芥川也寸志メモリアル オーケストラ・ニッポニカのビオラ弾きのブログです

山田一雄「指揮中に消えた!?」

 有名な転落事件の顛末について、『一音百態』で山田先生はつぎのように書いてらっしゃいます。N響名古屋公演での出来事でした。

 振っていた曲は、ベートーヴェンの『レオノーレ・三番』。曲の、どのあたりを演奏中に落ちたのかは、はっきり覚えていない。何しろハッと気がついたら、わたしは惨めな姿で、客席に横たわっていた。とっさに、
――棒振りなんだから、ここであわてふためいては、指揮者としての沽券にかかわる!?――
 と、気を立て直してすぐに起き上がった。それから、何事もなかったようなそぶりで(とはいえ、二千五百人の聴衆は、確実に気づいていたが)客席の前をゆっくり歩いて、舞台上手のソデから指揮台に戻り、何くわぬ顔で振り続けた。
――N響ほどの力があれば、『レオノーレ』は、少しの間指揮がなくてもやってくれる――
 こう確信していたので、余裕をもって、舞台に戻ることができたのである。
 しかし、この時の楽員たちの心理状態は、実際、パニック寸前だったという。

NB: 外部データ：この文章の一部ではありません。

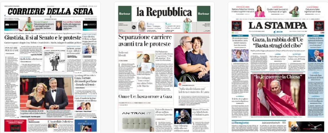 Titoli Corriere della Sera: Giustizia, il sì al Senato e le proteste la Repubblica: Separazione carriere / Anati tra le proteste La Stampa: Gaza, la rabbia dell’Ue / “Basta stragi del cibo” Il Sole 24 Ore: Dividendi, l’Europa corre (+10%) Avvenire: Inaccettabile Il Messaggero: Giustizia, la riforma va avanti Il Giornale: Ok alla separazione delle carriere Leggo: «Fine vita, la decisione è solo nostra» Qn: Giustizia, primo sì alla riforma / Carriere separate e due Csm Il Fatto: Salvini premio horror: / “Israele realtà pacifica” Libero: Un indagato al giorno / Sinistra ostaggio dei pm La Verità: Dopo Milano, le Marche: Pd alla sbarra Il Mattino: Giustizia, la riforma avanza il Quotidiano del Sud: Svolta sui pm, bluff sulle carceri il manifesto: Magistratura / dipendente Domani: Giustizia, passa la riforma peggiore / Dopo Sala indagato anche Ricci

演奏中の楽員は、常にわたしを見ているわけではなくて、棒が視界の中で動いていることを確認しながら演奏している。このため、わたしが落ちた瞬間を気づかなかった人などは、
――指揮者がいない! いったい、どうなっているんだ!?――
 と、キツネに化かされたような思いで、背筋がゾォーっとしたという。指揮者不在の舞台では、だれもかれも、何かに憑かれたような必死の形相で演奏していたそうだ。(p20-21より)

 先日の追悼ヴィデオの冒頭にもこのエピソードは取り上げられていました。